Now we'll need to import some similarity matching code, to do approximate match between the original names and those returned by Wikipedia


In [None]:
# We are going to match the strings approximately, via "n-grams" or "q-grams" (sequences of n or q characters)
# Here it's five-grams

tok = sm.QgramTokenizer(qval=5,return_set=True)

In [None]:
import py_stringsimjoin as ssj
import py_stringmatching as sm
import pandas as pd
import os, sys

In [None]:
print('python version: ' + sys.version)
print('py_stringsimjoin version: ' + ssj.__version__)
print('py_stringmatching version: ' + sm.__version__)
print('pandas version: ' + pd.__version__)

In [None]:
# Now let's do a similarity join

# We'll reset the index, so there is a unique index field in the company_ceos_df dataframe
company_ceos_df.reset_index(inplace=True)

output_pairs = ssj.jaccard_join(company_ceos_df, exec_df, 'index', 'page', 'Executive', 'clean_name', tok, 0.35,
                                l_out_attrs=['Executive'], r_out_attrs=['name'])

output_pairs[output_pairs['_sim_score'] < 1.0]

In [None]:
# At last!
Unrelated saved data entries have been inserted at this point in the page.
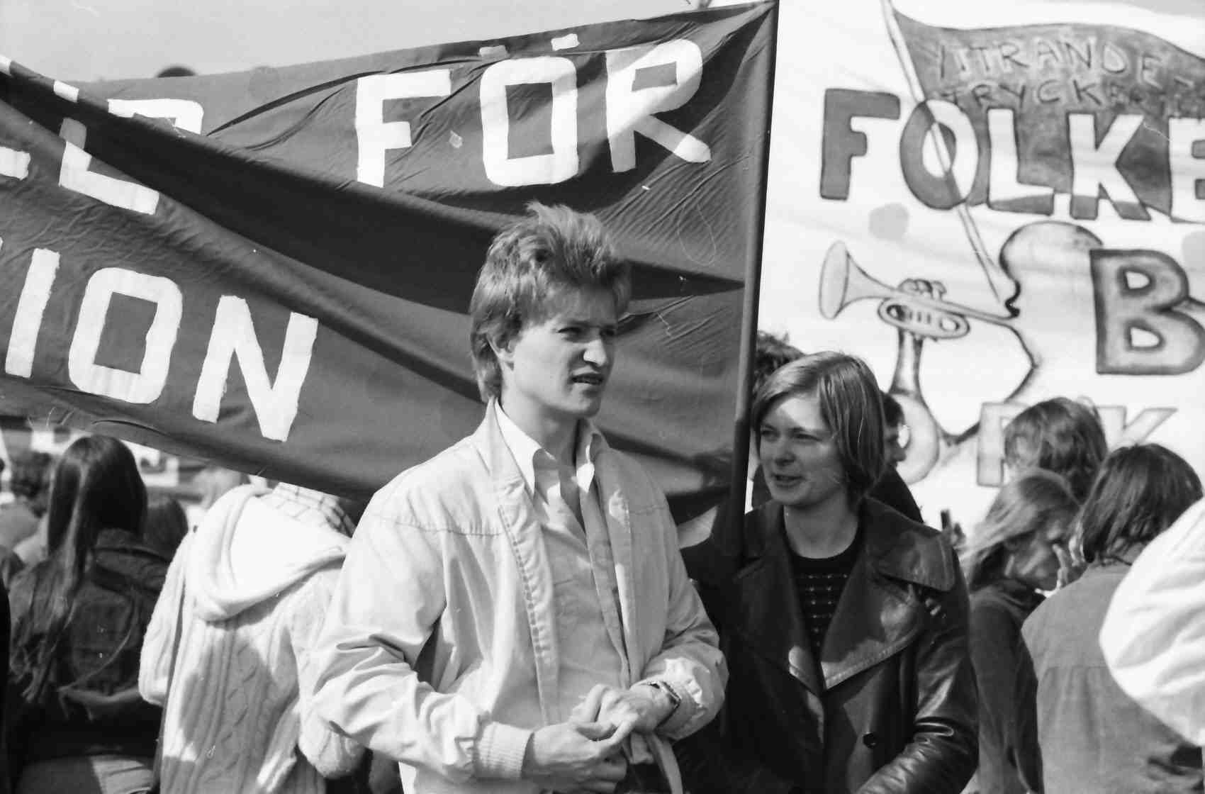 En aning yngre Bjarne Isacson demonstrerar, troligen en 1 maj.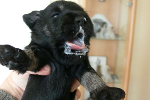heute sind die Welpen das erste mal entwurmt worden und wie man sieht hat es den kleinen gar nicht gefallen, aber es muß ja sein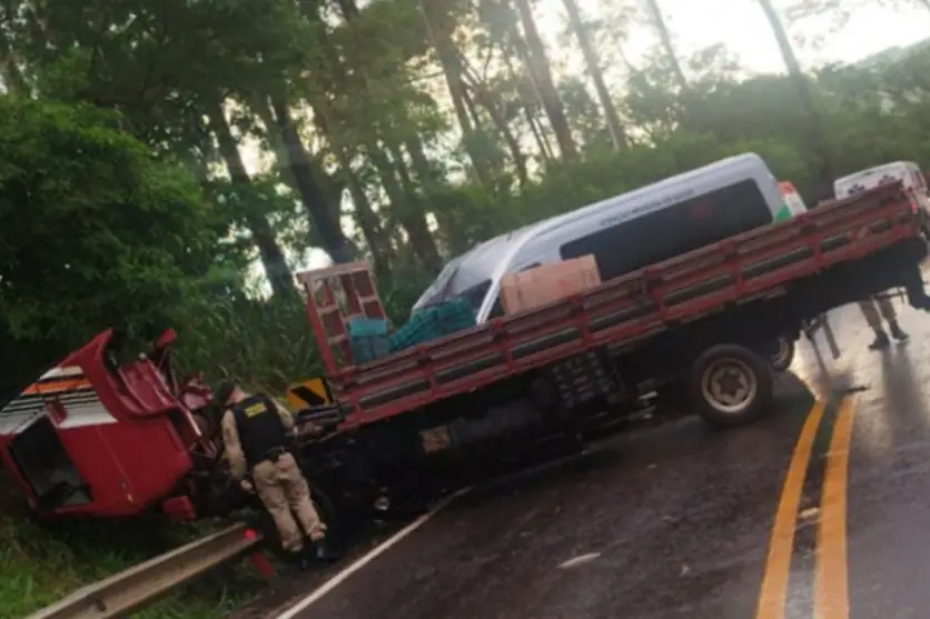 Uma colisão frontal envolvendo um caminhão e uma ambulância deixou uma pessoa morta e outras sete feridas na manhã desta terça-feira (23), na PR-082, em Cidade Gaúcha, após um dos veículos aquaplanar em trecho da rodovia.

Company info + CEO info, together!

total = company_ceos_df.merge(output_pairs,left_on=['Executive'],right_on=['l_Executive']).\
        merge(exec_df,left_on=['r_page'],right_on=['page']).\
        merge(company_data_df, left_on='Company', right_on='name', how="left")

total

In [None]:
# Let's get ready to plot

%matplotlib inline

In [None]:
total

## Simple Analysis of Linked Data: Grouping and Analytics

The `groupby` command allows us to coalesce data by groups.  In Pandas a Group is a special object with a set of rows.  We can see this with the `get_group` command.

In [None]:
total[['born','Company','Executive']].sort_values('born')

In [None]:
total.groupby(by='born').get_group(datetime.datetime.strptime('1935-11-01', '%Y-%m-%d'))[['Company','Executive','born']]

We can apply computations, such as `count`, to the items in the group.  Values that are empty (NaN) do not count (no pun intended).

In [None]:
total.groupby(by='born').count()

In [None]:
# We can do this in SQL too...

### Until pandas 0.15, there is a bug in converting datetimes to sqllite
### so we have to copy to a string instead
total2 = total.copy()
total2['born'] = total2['born'].apply(lambda x: str(x))

total2.to_sql('total_info', conn, if_exists='replace', index=False)

# By default, SQL will include the Nan value (called NULL in SQL).  If we want to exclude it,
# we need to include WHERE ... IS NOT NULL.

pd.read_sql('select born, count(Company) from total_info ' +\
            'where born is not null group by born', conn)

In [None]:
total2 = total.dropna()
total2['born'] = total2['born'].astype('datetime64[ns]')

In [None]:
# Let's look at when the CEOs were born

birthdays = total2.groupby(by='born').count()[['Executive']]
birthdays.index = pd.to_datetime(birthdays.index, unit='s')

birthdays

We can actually use `resample` over dates, with a parameter, to group eg by decade (10 years, where A is the code for year):

In [None]:
birthdays.resample('10A').count().plot(kind='bar')

Maybe that's a little weird.  Can we do something more along the lines of what we expect, i.e., "1920s, 1930s, ..."?

In [None]:
# Get rid of the nulls!
bdays = total[['born']].dropna()

bdays = bdays.applymap(lambda bday: str(int(bday.year / 10) * 10) + 's')

bdays.reset_index().groupby('born').count().plot(kind='bar')

# An Exercise

Is there a correlation between the kind of company and the age of the CEO?

Does the company's line of business matter?